Inter-individual variation

We demonstrated that concordance (or rank order) of ECV values between exam 1 (Gd-DTPA) and exam 2 (Gd-BOPTA) was high. For example, those subjects with a relatively higher ECV value for Gd-DTPA also had a relatively higher ECV value for Gd-BOPTA. This concordance between ECV values over the two exams was reflected by a high Spearman’s correlation coefficient of 0.803 (p < 0.0001, assessed over all time points). Blant-Altman plots (Figure 3) further demonstrate a good agreement between exams but a large inter-individual variation of ECV.

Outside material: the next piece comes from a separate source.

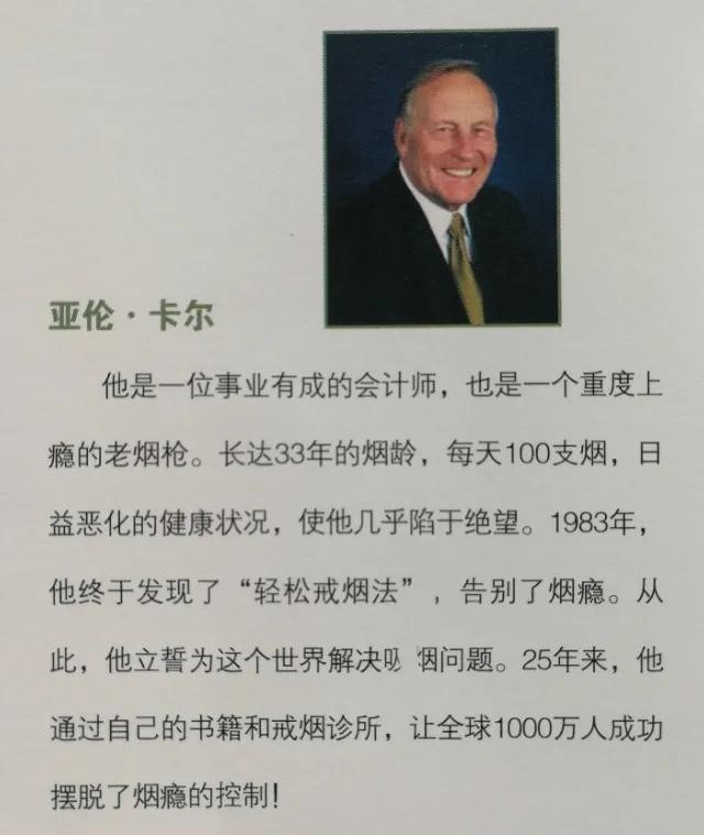 偶然间翻到时跟大家一样的质疑,我也只能说一起试试吧。书的作者是美国的亚伦.卡尔,我并不知道是谁,我不是博学多才的人,但是百度和书里告诉我,他是个地地道道的老烟枪,每天要抽100根左右的香烟,身体也是每况愈下,就这样一位老烟枪确在50岁不到的时候,成功的戒除烟瘾,并投身戒烟运动,还在全球开了70多家戒烟所,出版了这本书,书还畅销全球,是什么让这是烟鬼重塑自我,帮助其他烟鬼呢,哈哈,希望他能帮到你。
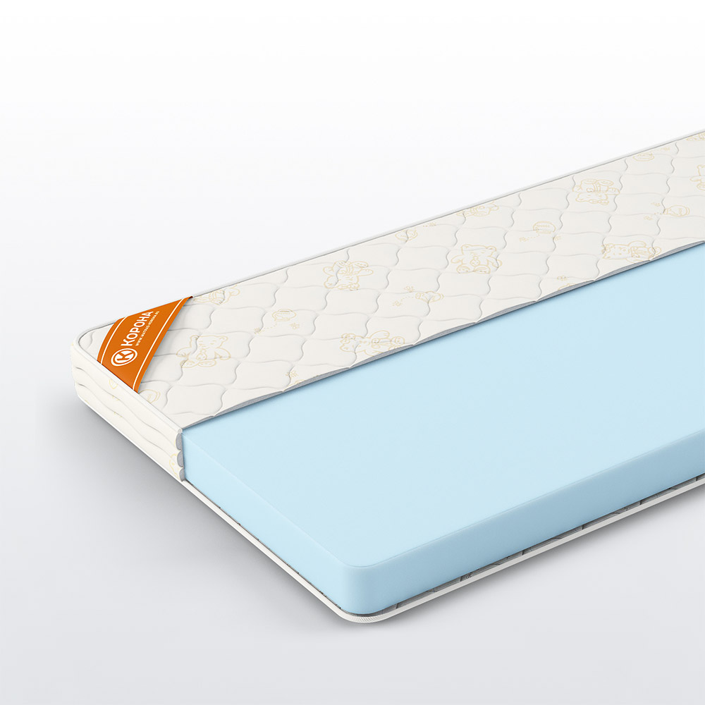 Модель, подходящая, как для новорожденных, так и для детей до 3-лет. В этом возрасте педиатры советуют использовать средне-жесткие матрасы, так как у детей еще не сформировалась S-образная форма позвоночника. Физиологические изгибы появляются с началом уверенной ходьбы, то есть ближе к 1,5 годам, а полностью формирование завершается к 15-16 годам. Моноблок из эластичного пенополиуратана образует ровную поверхность и не сдавливает мягкие ткани.

Inter-individual variation of ECV was higher (CV 8.7% [exam 1, Gd-DTPA] and 9.4% [exam 2, Gd-BOPTA], respectively) compared to variation of pre-contrast myocardial T1 relaxation time (CV 4.5% [exam 1, Gd-DTPA] and 3.0% [exam 2, Gd-BOPTA], respectively). According to previous publications the mean difference between maximum and minimum ECV values averaged over all time points in healthy subjects was approximately 0.09 for Gd-DTPA and 0.11 for Gd-BOPTA [27]. The somewhat broad range of ECV must be considered when identifying a cut-off or threshold value for abnormally increased or decreased ECV.

Since there was a high correlation and good agreement of ECV values between exam 1 and 2 we conclude that the large inter-individual variation in ECV values is a real finding and not related to noise. Further, Schelbert et al. also reported a large inter-individual variation of the extravascular extracellular volume fraction (Ve) [27]. The large inter-individual variation of ECV is most probably a consequence of the large inter-individual variation of the post-contrast T1 relaxation time of blood. Variation in post-contrast T1 time of blood is most likely related to inter-individual differences in hydration, renal excretion and distribution of contrast into other spaces such as synovial fluid and bone.

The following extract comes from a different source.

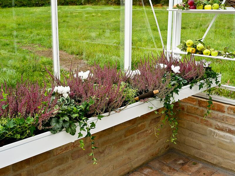 Der Anzuchttisch kann Längsseitig, so wie auch am hinteren Giebel montiert werden. Mit Erde Befülllt für den Anbau oder zum Aufstellen von Töpfen, für das Anziehen von Setzlingen, mit dem Tischanbau sparen Sie sehr viel Platz und haben ausreichend Arbeitsfläche.

There are several limitations of this study. Our T1 times and ECV values are for younger individuals scanned at 3T. The pharmacokinetics of these gadolinium contrast agents may vary for older subjects or individuals with renal dysfunction. Given the somewhat large range of ECV values relative to the mean values in this normal population, the study size (n = 24) yields only an approximation to the 95% confidence intervals of the population. The normal values given are valid only for the doses of gadolinium that were studied (0.10 mmol/kg for Gd-BOPTA and 0.15 mmol/kg for Gd-DTPA). Ideally order of exams should be random. Given our results, intra-individual reproducibility seems to be an important parameter that should be established for planning of longitudinal studies. To test intra-individual reproducibility ideally volunteers should be scanned twice with the same protocol, contrast dose and type.

Conclusions

Normal ECV values are affected by several factors: First, there is a large inter-individual variation of about 30% of the mean. The smaller inter-individual variation in pre-contrast T1 times and the ability to discriminate between normal individuals and a disease population with diffuse myocardial fibrosis requires further analysis. Second, there is a small but significant linear increase in ECV with time in the first 45 minutes after a bolus of gadolinium of 11% necessitating of either careful attention to imaging delay time or post-hoc correction for this variability to permit serial comparison. And third, there is a minor but significant difference with contrast agent of 2% between Gd-DTPA at 0.15 mmol/kg and Gd-BOPTA at 0.1 mmol/kg. However, the ECV values of Gd-BOPTA and Gd-DTPA were quite similar, and subjects with high (or low) ECV values had similar values with both contrast agents over a mean follow-up period of almost 2 months. Subsequent comparisons to patients with cardiomyopathies will be necessary to determine the clinical utility of these surrogate markers of myocardial fibrosis.